EXERCISE GOAL. Below is a listing with pictures in it. Copy it exactly without them.

SOURCE DATA.
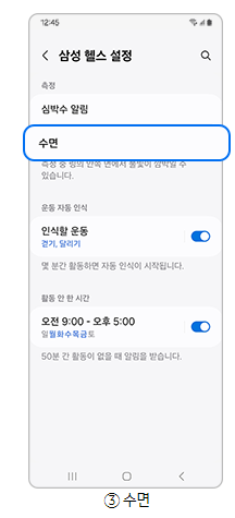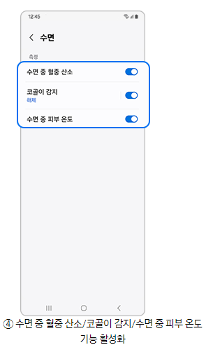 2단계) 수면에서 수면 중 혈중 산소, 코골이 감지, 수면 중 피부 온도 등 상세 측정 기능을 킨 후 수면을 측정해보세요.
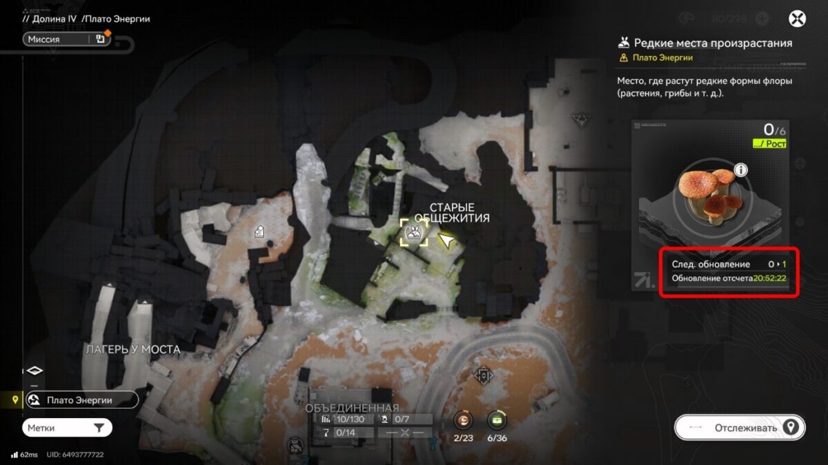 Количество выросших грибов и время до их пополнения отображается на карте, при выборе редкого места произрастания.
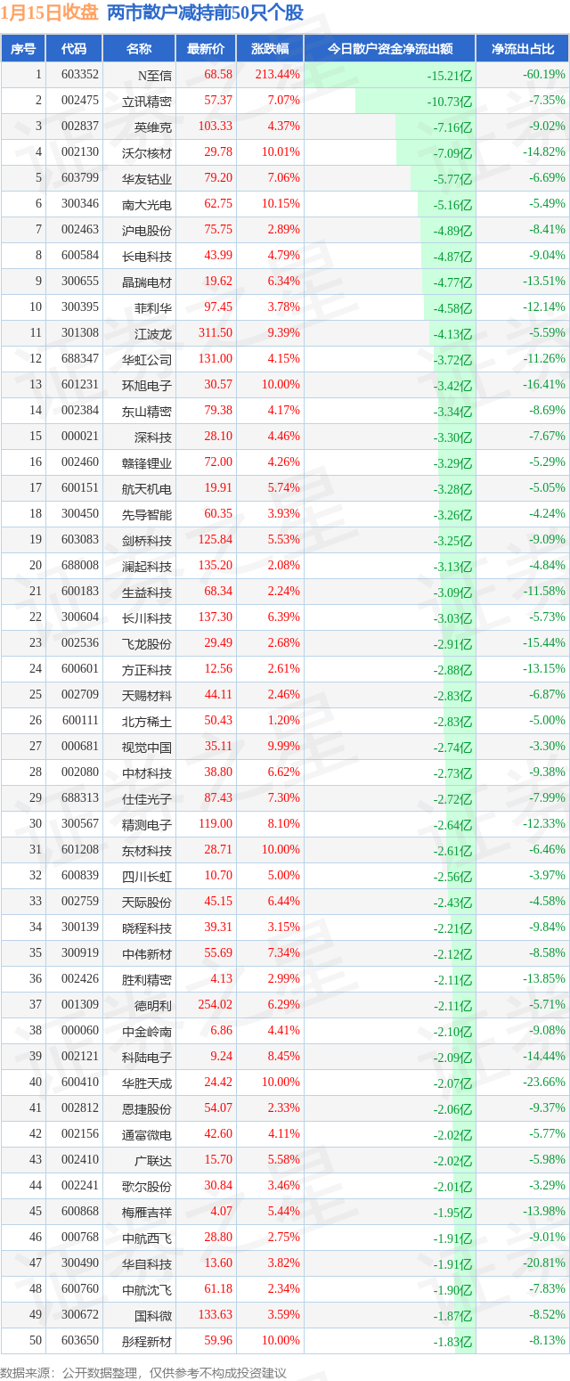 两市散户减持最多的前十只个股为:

RESPONSE AREA.
 2단계) 수면에서 수면 중 혈중 산소, 코골이 감지, 수면 중 피부 온도 등 상세 측정 기능을 킨 후 수면을 측정해보세요.
 Количество выросших грибов и время до их пополнения отображается на карте, при выборе редкого места произрастания.
 两市散户减持最多的前十只个股为:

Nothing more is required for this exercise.